Asleep in Anxiety

Asleep in Anxiety
Genesis 7, Psalm 3-4

There are wounded people all around the world. There are people whose lives are under constant threat from enemies. There are people whose lives are under constant strain of economic instability. There are people whose lives are marked by constant floods and the daily concern of what to eat and drink.

Enter Psalms 3-4. “Lord, how many are my foes! How many rise up against me? Many are saying of me, ‘God will not deliver him.’” We are entering the prayer of someone whose life is in serious danger. This is a person who says ‘tens of thousands assail [me] on every side’ (6). (Well, he says he will not ‘fear’ them, but even if its merely hyperbole, the point is the same: This is a person in serious trouble from other humans.) The story of Absalom’s rebellion against David is a terrible tragedy and David must have truly felt that the world was against him.

Still David can say, “I lie down and sleep; I wake again, because the Lord sustains me.”

As the reader of the Psalms, or the prayer of the Psalter, moves into Psalm 4 he is confronted with a similar situation. Here is someone calling out to God because he is in trouble again. “Give me relief from my distress; have mercy on me and hear my prayer.” I suspect that during much of the day such prayers are going up before God and I have no doubts that he hears all these cries of the oppressed. It could be that this Psalm speaks very poignantly to our current situation in America: “Many, Lord, are asking, ‘Who will bring us prosperity?’”

Again, the Psalmist writes, “In peace I will lie down and sleep, for you alone, Lord, make me dwell in safety.”

I’m confused.
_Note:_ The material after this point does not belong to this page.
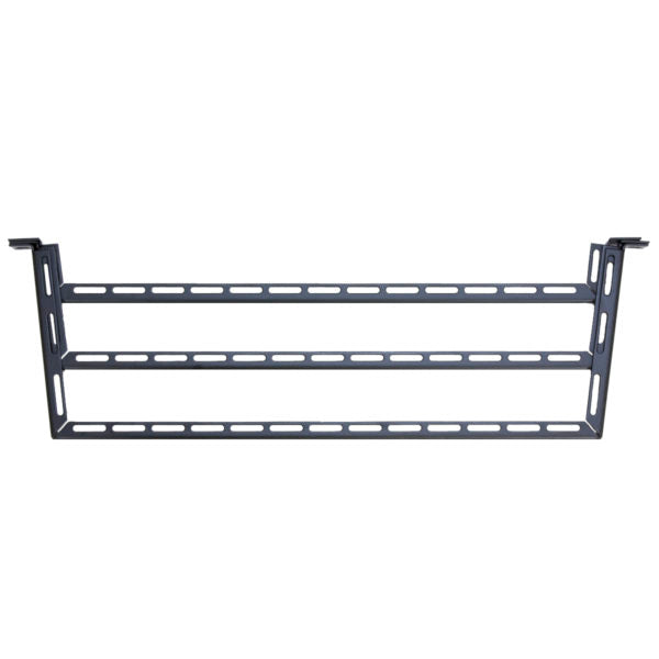 FEATURES • Straight or offset (2 in., 4 in. or 6 in.) • Width: 19 in. • Height: 0.625 in. • Material: 16-gauge steel • Finish: Black • Multiple tie-down slots and holes • Straight bar can be used alone or mounted at a right angle to another straight bar for dual-lacing configuration • Offset bars are stackable on a horizontal plane to save rack space COMPLIANCE & CERTIFICATION • Made in the U.S.A. • Certified U.S. steel

I thought, and I could be wrong, that we smart people were supposed to stay awake all night long and worry about the turmoil in our lives? You know, like when the world (‘tens of thousands’) are rising up against us; or when the economy (‘grain and new wine’) is faltering.  I thought we were supposed to struggle through these things, fill ourselves up with all sorts of anxiety and fear and turmoil and stress and allow these things to slowly dismantle us from the inside to the outside. I don’t remember anywhere being told that we should, let alone can, sleep during times of discomfort and distress.

Kind of makes me wonder if Noah ever had any sleepless nights, full of restless anxiety, while he was on the ark full of animals, his children, and his wife. Nah.
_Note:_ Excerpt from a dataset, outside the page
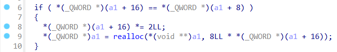 length와 size모두 0이니까 if문에 걸리게 되고 0*2 = 0이니까 realloc의 인자로 첫번째, 두번째 모두 0이 전달된다. 이럴 경우에는 realloc은 0x20크기의 청크를 새로 할당받아서 반환해준다. 따라서 0x20짜리 청크가 새로운 큐가 되는것이다. 근데 length가 0인 상태로 if문이 끝나버리고 push를 하면서 size는 1이 되게 된다. 그리고 또 queue_push를 호출하면..? length는 0인데 size는 1이니까 둘이 달라서 if문은 호출되지 않는다. 그리고 데이터가 또 push되서 size는 2가 된다. 이걸 반복하면..? length와 size가 같을일은 pop을 하지 않는이상 절대 없어서 if문은 절대 호출되지 않는다. 이말은 즉 큐가 꽉차도 더 큰 큐를 할당하는 과정인 realloc을 해주지 않아서 다른 청크를 침범해서 push를 하게 된다. heap overflow가 발생하는 것이다.

Asleep in anxiety? Can it be? At some point the Psalmist realized that he was in so deep, surrounded by so many, undone by so many struggling economic issues that if God would not rescue him or could not rescue him then he was hopeless. I think it takes just enough faith to allow us to sleep well. You might say there is a fine line between faith and fatalism. Still, it seems to me that when we don’t sleep well in the midst of all such turmoil it is likely because we are not trusting in God who is able to rescue us. (See Shadrach, Meshach and Abednego in Daniel’s Gospel.)
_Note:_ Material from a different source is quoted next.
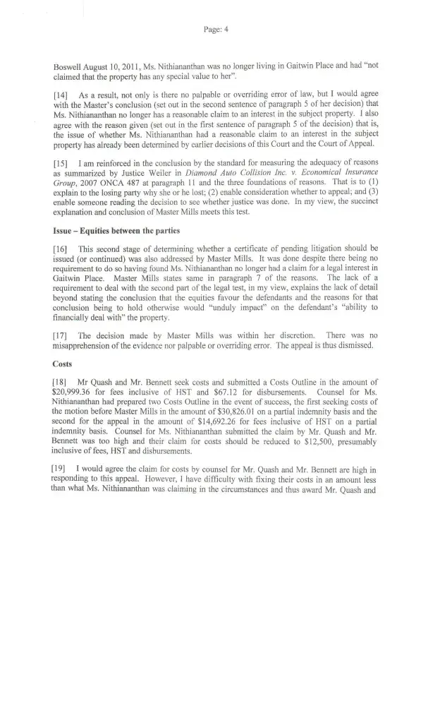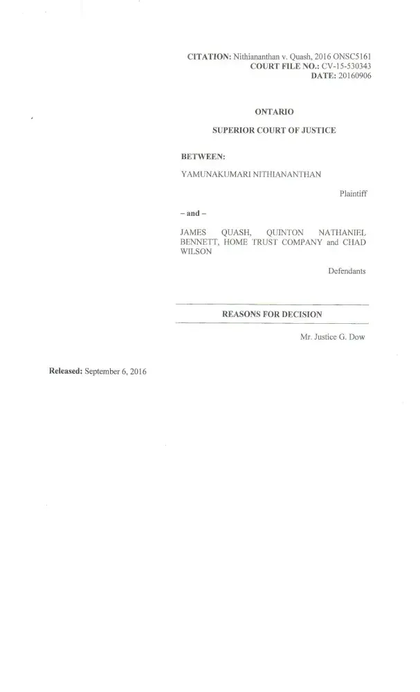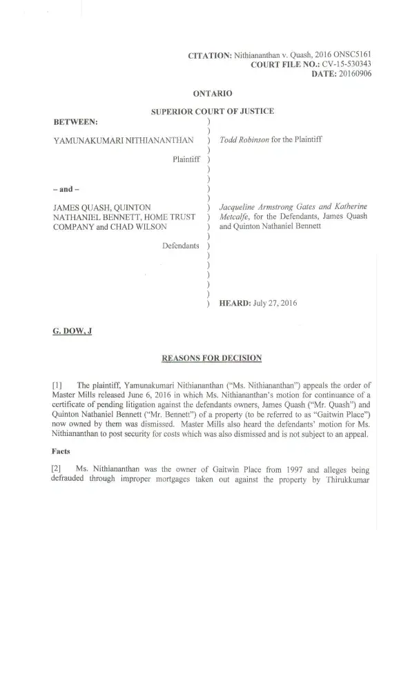 Re: Small Claims Court Trial June 20 2016 held by Deputy Judge Shapiro: Although the Defendants Rohini Sivalingham (Tom Thiru aka Thirukumar Thirunavakarasu's cousin) and her brother Mahalingham Thangeswaran committed perjury at the hearing by making numerous false statements. It was also noted that the Defendants' Paralegal fully supported the false statements from Rohini and Mahalingham. At one point during Rohini's cross-examination, the Plaintiff's lawyer asked her if she had a dog. When Rohini answered that she did, the lawyer then said to her: "Even your dog would not believe you!" Both Defendants were ultimately held liable for $24, 000 and ordered to pay in 30 days as per Judge's endorsement.

Is it naïve of me to think that rest can come so easily? I don’t know. In Psalm 3, David is confident that the Lord will answer his prayers (v 4). In Psalm 4, David is not so confident (v 1-2). David sleeps either way. It seems to me then that there is a sort of faith that is even greater than the mere expectation of an answered prayer. That is, David puts his faith and hope and confidence in the God who hears prayers (4:3), not in the answers (either with thunder or silence) to the prayers.

It seems to me that there is a peace that transcends the circumstance and confounds the flesh. David continues to pray. Sometimes he hears the voice of God shake the world from ‘his holy mountain’ (3:4) Sometimes David has to keep beating on the doors and pleading for God to hear him while he is being humiliated and embarrassed (4:2). Still, David sleeps; rests.

I wish I had that sort of faith. I wish I had the sort of faith that could sleep well regardless of whether or not God answers the prayers. I wish I had the sort of faith that is more confident in God than in my ability to rattle the heavens with words and petitions. I wish I had the sort of faith that could sleep through a storm, or a flood, or an economic downturn.

These Psalms really challenge our ideas of confidence.